→ Instructions to follow
Write out word for word the lines from the one holding "Pen Holder 3" through the end of the data, and only those lines. Pictures stay out.

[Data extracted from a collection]

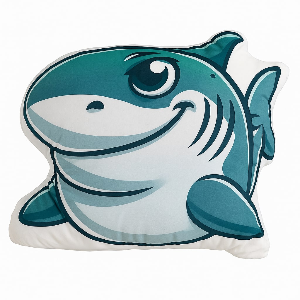Miękka pluszowa poduszka dekoracyjna z motywem uśmiechniętego rekina. Idealnie sprawdzi się jako przytulanka dla dziecka oraz efektowna ozdoba sofy lub łóżka. Odcienie turkusu i bieli wprowadzają świeży morski klimat do wnętrza. Nieregularny, wycinany kształt przyciąga wzrok i nadaje pomieszczeniu charakteru. Poręczny rozmiar 42 x 35 cm zapewnia wygodę podczas odpoczynku i zabawy. Doskonały pomysł na prezent dla miłośników morskich zwierząt.
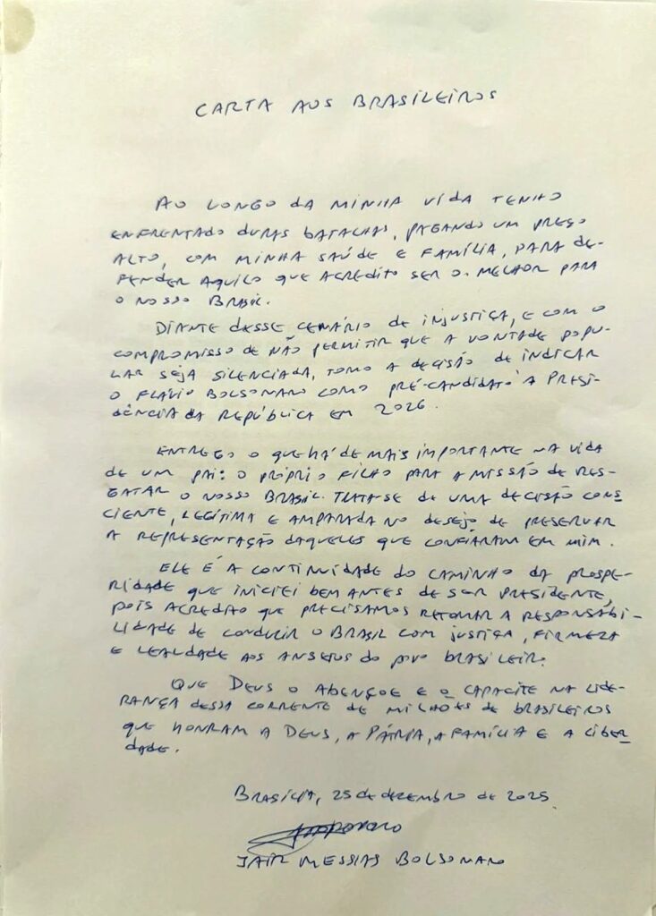 “Ao longo da minha vida tenho enfrentado duras batalhas, pagando um preço alto, com minha saúde e família, para defender aquilo que acredito ser o melhor para o nosso Brasil”, inicia Bolsonaro na carta, que foi lida por Flávio para jornalistas. “Diante desse cenário de injustiça, e com o compromisso de não permitir que a vontade popular seja silenciada, tomo a decisão de indicar o Flávio Bolsonaro como pré-candidato à Presidência da República em 2026”, segue ele.
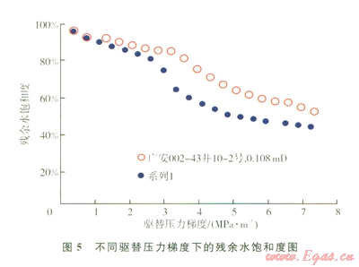 對須家河組2塊低滲透巖樣進行了不同壓力梯度下氣驅飽和水巖樣實驗,在初始高含水飽和度階段,隨著驅替壓力梯度的增大,殘余水飽和度降低緩慢,主要是由于氣相飽和度小于20%,不能產生連續(xù)氣相運移。隨著驅替壓力梯度的進一步增大,氣相飽和度逐步增加,達到臨界含氣飽和度20%后,形成連續(xù)運移,這時氣相運移進入大喉道及其控制的孔隙中,使得含水飽和度快速降低。當含水飽和度降低到50%后,氣相進入更細小的喉道及孔隙的難度加大,驅替壓力梯度的增加導致含水飽和度緩慢降低(圖5)。須家河組低滲透砂巖氣藏儲層含水飽和度在40%~60%之間,高于束縛水飽和度,存在0~20%的可動水飽和度。驅替壓力梯度越大,水相越容易動用。
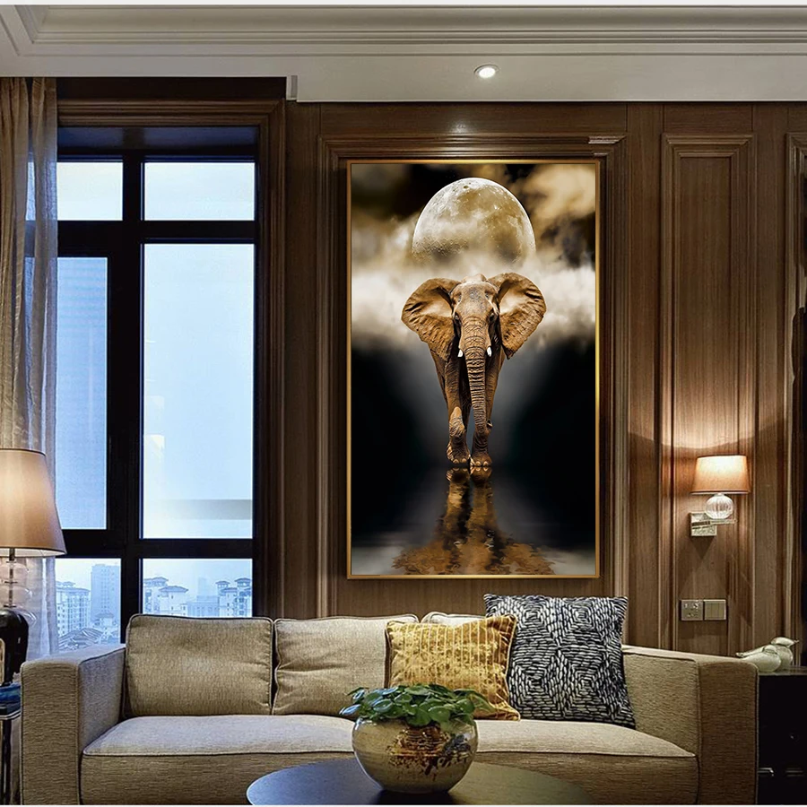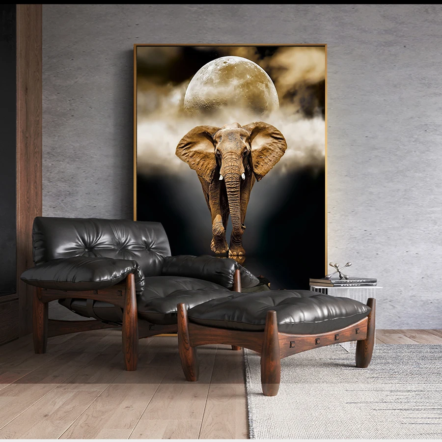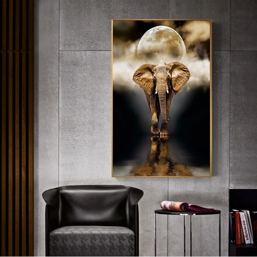 Муту ретро картина маслом золотого слона постеры с животными на холсте картина для гостиной домашний Декор без рамки
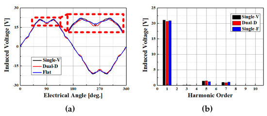 The detailed specifications of the concentrated winding-type IPMSMs for driving the A/C refrigerant compressor are as follows: number of slots in the stator, 12 slots; magnetic wire specification, 28 turns; stator core shape outside diameter, 96 mm; length, 37 mm. The three magnet shapes for comparison were single-V, single-flat (F), and dual-delta (D) magnets. The magnet area for every pole (30.73 mm2) was identical. The main operation points were 6540, 4905, 3270, and 1635 rpm with a 24 A phase current, and the expected torque was approximately 7.0. Figure 2 presents the structure of the concentrated windings of the IPMSMs with three types of rotor structures. Figure 3a illustrates a comparison of the induced voltages of the three different rotor shapes with identical concentrated winding stators without an input current at 1000 rpm. Figure 3b shows a fast Fourier transform (FFT) comparison of the frequency domain. The differential of the back electro-motive forces of the three magnet rotor shapes was lower than 0.25%. This is similar to the FFT results.
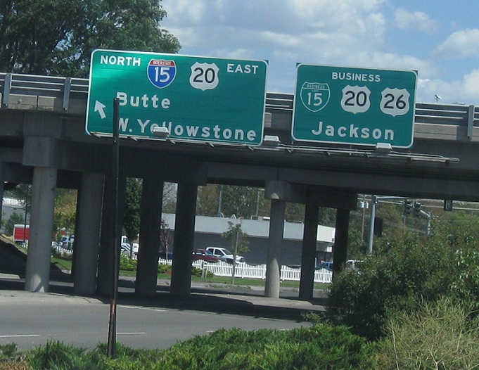 Exit left for I-15 North and US-20 East. The two routes will run concurrent to get out of Idaho Falls. Stay straight for I-15/US-20 Business TO US-26, which serves Jackson, Wyoming.
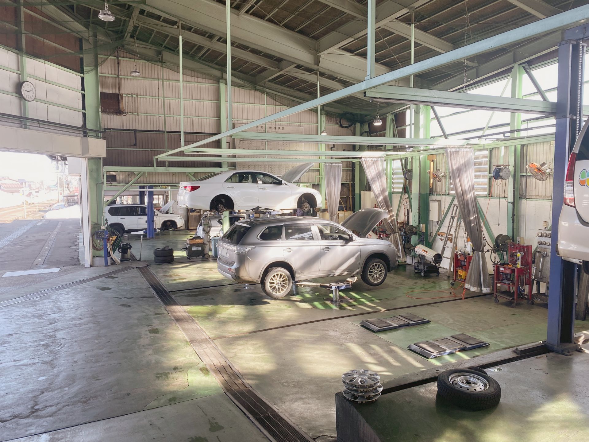 当社では、最新の機器を車検検査ラインに導入し、スピーディーな車検の実施を可能にしています。
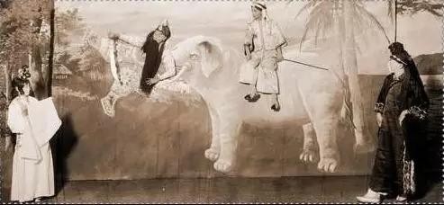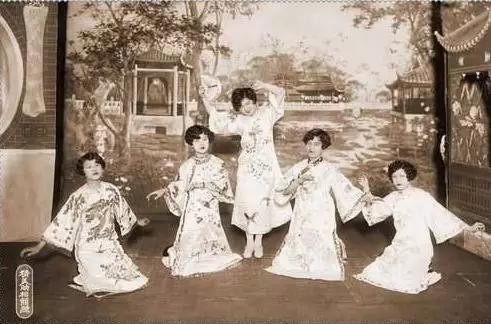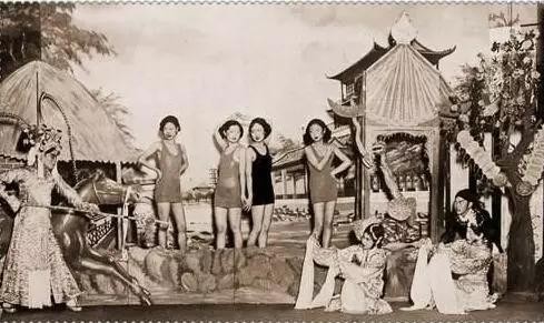 这一组民国时期的艳舞表演老照片。交谊舞在那个时代多少有些性色的成份。虽然有“露肉”的表演,但与古老戏服的对比已经产生了艺术性的视觉冲击。从舞台布景与演员的装束上看,演员们所表演的一是场那个时代的“现实剧”。
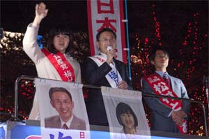 イルミネーションが輝く夕方の浦和駅西口。安倍首相の解散表明を受けて、梅村さえ子さん、松村としおさん(衆院埼玉1区予定候補)と訴え。
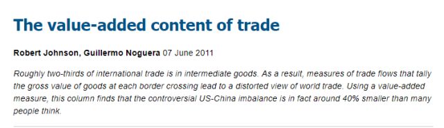這家美國智庫的觀點,也得到了來自歐洲的智庫“經濟政策研究中心”2011年一篇報告的佐證。報告中的數據就顯示,如果貿易逆差是按照各個國家在產品中實際的“附加價值”計算的話,那么中美的貿易逆差將會大大縮減40%甚至更多。
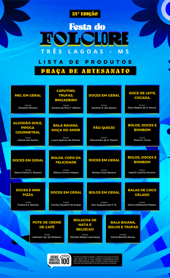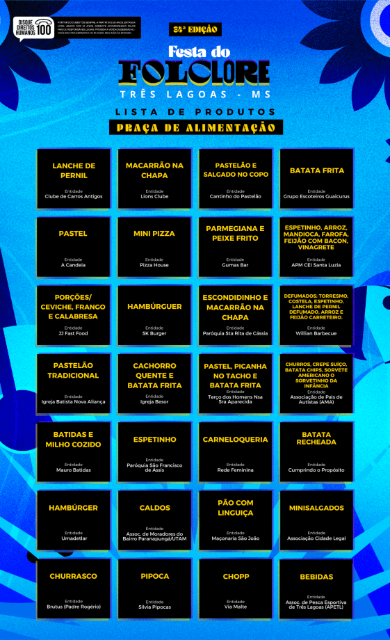 A praça de alimentação deste ano está repleta de opções deliciosas, oferecidas por diversas instituições locais. Na feira de artesanato, 19 artesãos vão expor seus trabalhos e vender diversos tipos de doces e produtos naturais, que são um ótimo complemento para fechar a noite após uma boa comida tradicional na praça de alimentação. De quebra, você ainda pode levar uma lembrancinha de Três Lagoas e da própria Festa ou encontrar itens exclusivos feitos à mão para a decoração da sua casa. Confira o que cada uma delas estará vendendo:
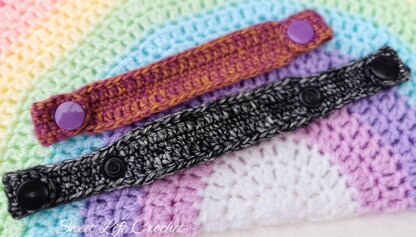 This pattern is adaptable for the length you need by adding to or subtracting from the starting chain if you want, but adding extra snaps to the ear saver makes it adjustable in size too!
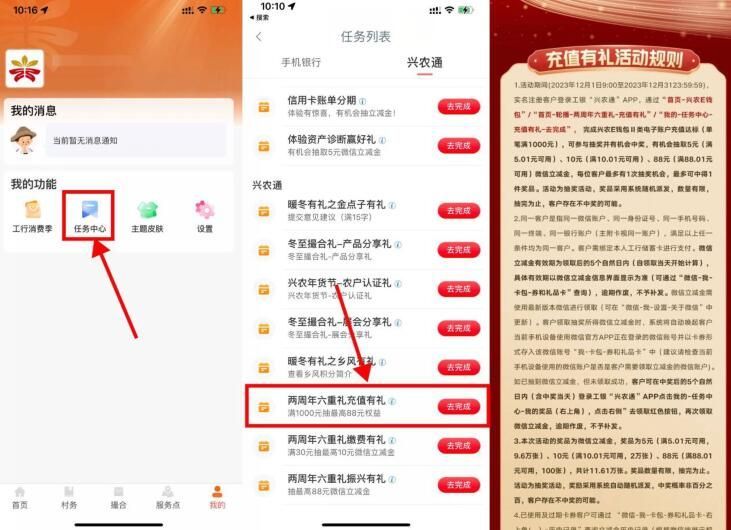 【工银兴农通抽取5~88元立减金】工银兴农通APP -> 我的 -> 任务中心 -> 开e钱包并充值1000元 -> 抽取5~88元立减金。
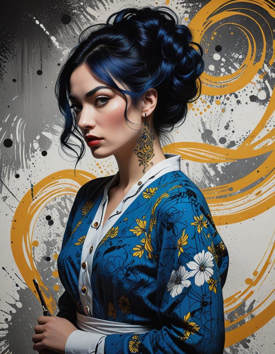 This striking portrait features a stunning woman with intricate tattoos, set against a moody backdrop of deep shadows and vibrant, ink-like colors, all in the distinctive risograph aesthetic with halftone patterns and slight imperfections.
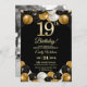 Elegant Black Gold Glitter 19th Birthday Photo Invitation
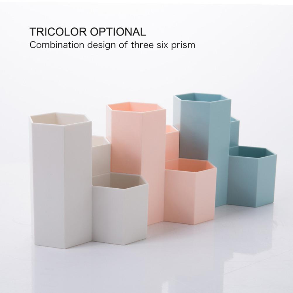 Pen Holder 3 Compartment Hexagonal Multi Function Makeup Brush Storage Bucket for Desktop Blue
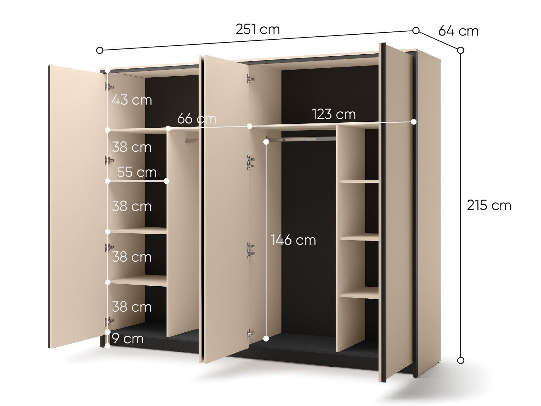 215 cm  250 cm  61 cm
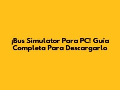 ¡Bus Simulator Para PC! Guía Completa Para Descargarlo
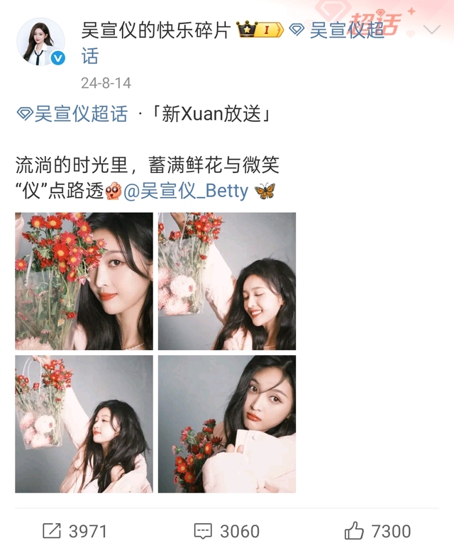 然后下午五点多的时候,吴宣仪的快乐碎片发了条微博

→ Response to this exercise
 Pen Holder 3 Compartment Hexagonal Multi Function Makeup Brush Storage Bucket for Desktop Blue
 215 cm  250 cm  61 cm
 ¡Bus Simulator Para PC! Guía Completa Para Descargarlo
 然后下午五点多的时候,吴宣仪的快乐碎片发了条微博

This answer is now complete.